Pictures aside, copy exactly the lines running from the one with "Quốc hội biểu" to the end of the records.

Excerpts from a dataset:
[Start of Attachment]
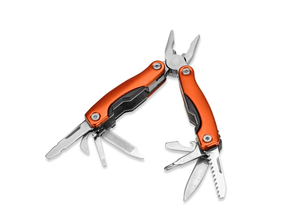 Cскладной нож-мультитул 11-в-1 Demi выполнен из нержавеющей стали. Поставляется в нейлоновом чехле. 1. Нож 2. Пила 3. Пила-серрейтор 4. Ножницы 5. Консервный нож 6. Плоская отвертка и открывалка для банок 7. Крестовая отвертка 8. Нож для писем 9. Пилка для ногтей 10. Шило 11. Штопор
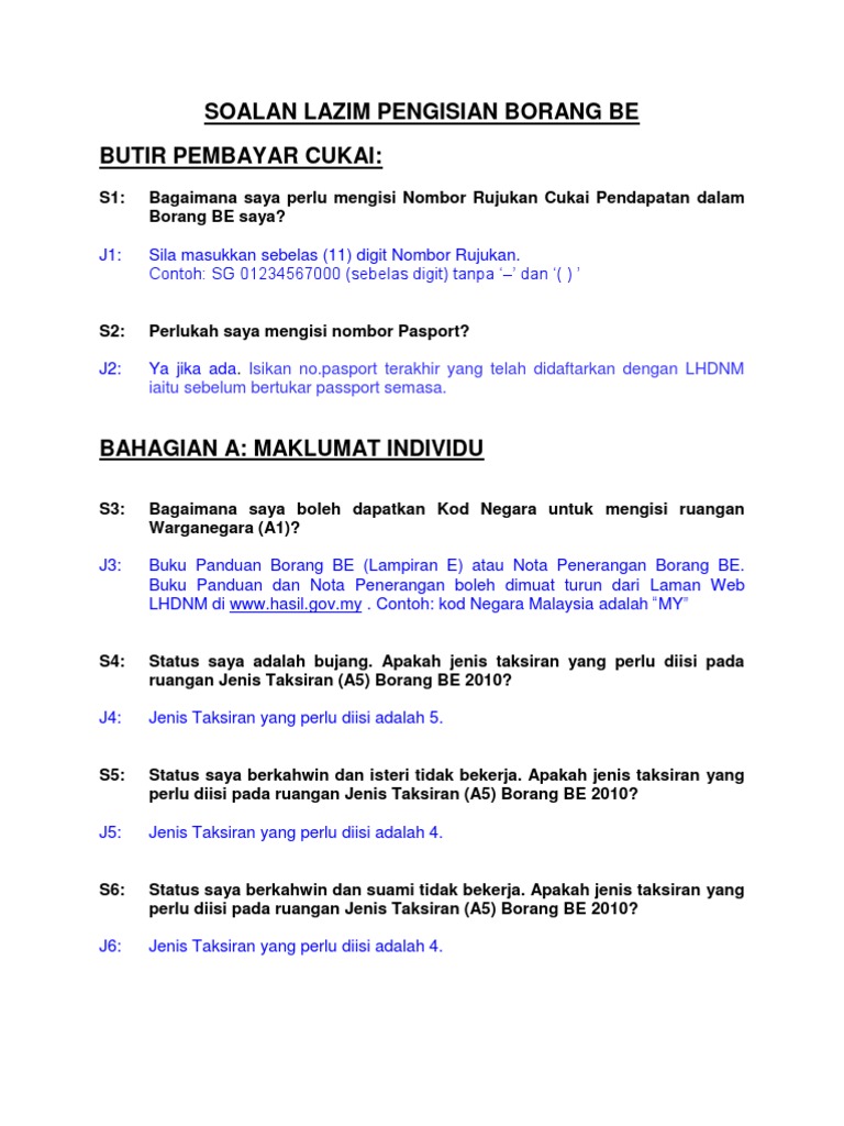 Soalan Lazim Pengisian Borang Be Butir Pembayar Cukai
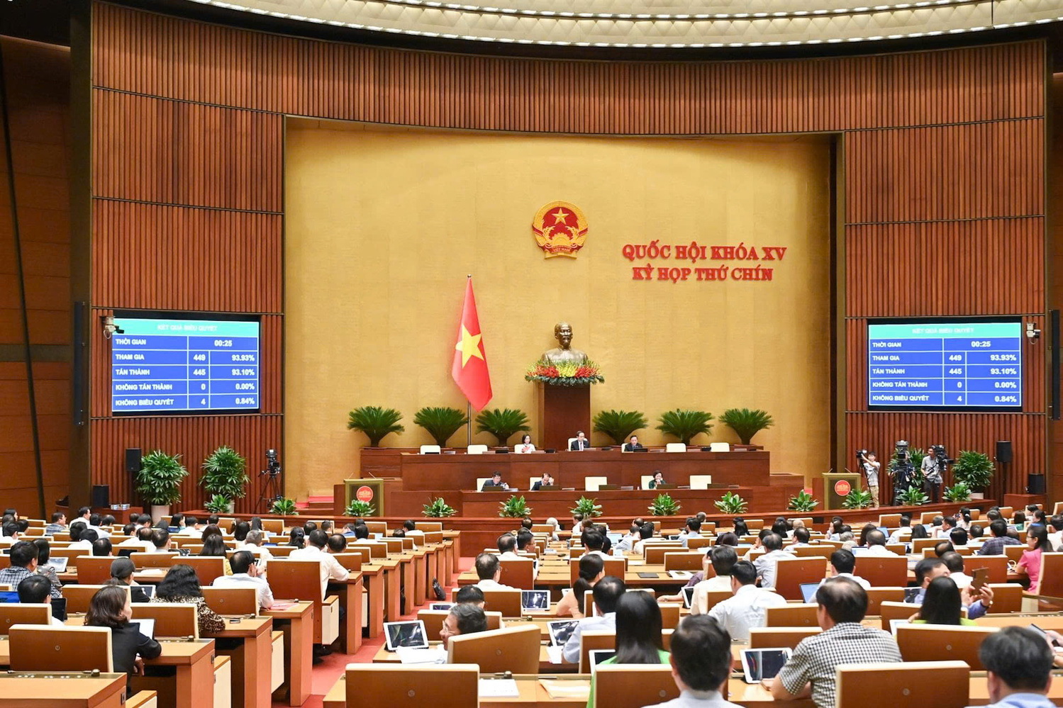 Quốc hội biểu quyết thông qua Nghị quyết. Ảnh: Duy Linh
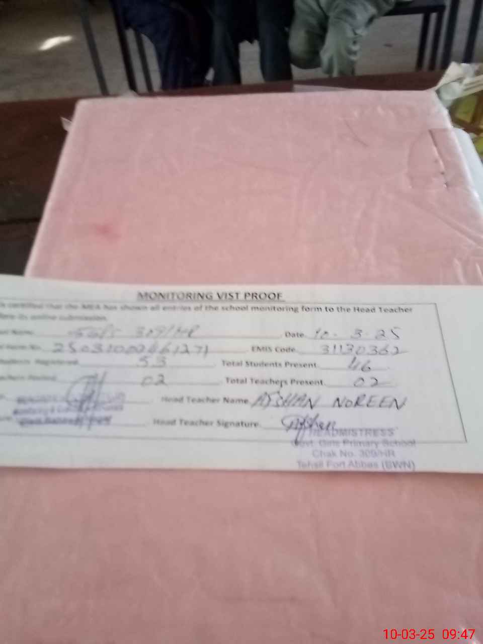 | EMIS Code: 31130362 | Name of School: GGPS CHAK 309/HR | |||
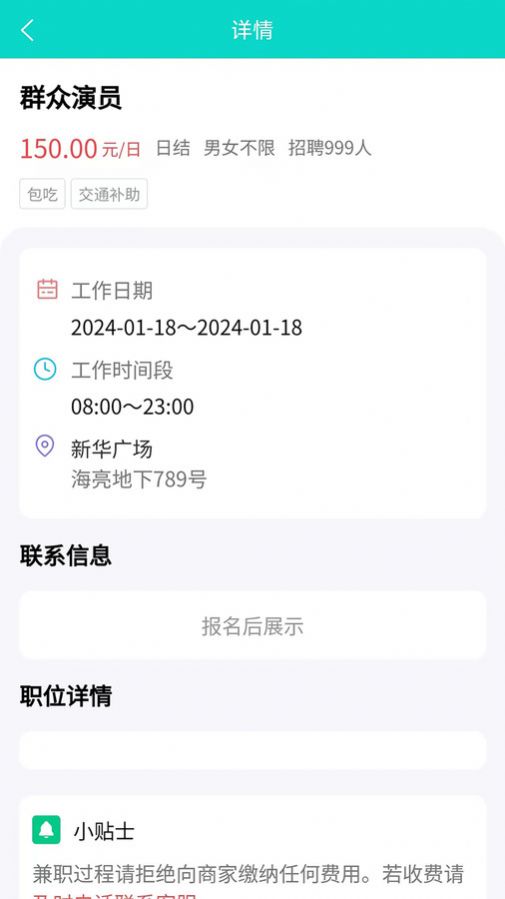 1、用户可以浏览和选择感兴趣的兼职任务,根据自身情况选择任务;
[End of Attachment]
Output of the task:
 Quốc hội biểu quyết thông qua Nghị quyết. Ảnh: Duy Linh
 | EMIS Code: 31130362 | Name of School: GGPS CHAK 309/HR | |||
 1、用户可以浏览和选择感兴趣的兼职任务,根据自身情况选择任务;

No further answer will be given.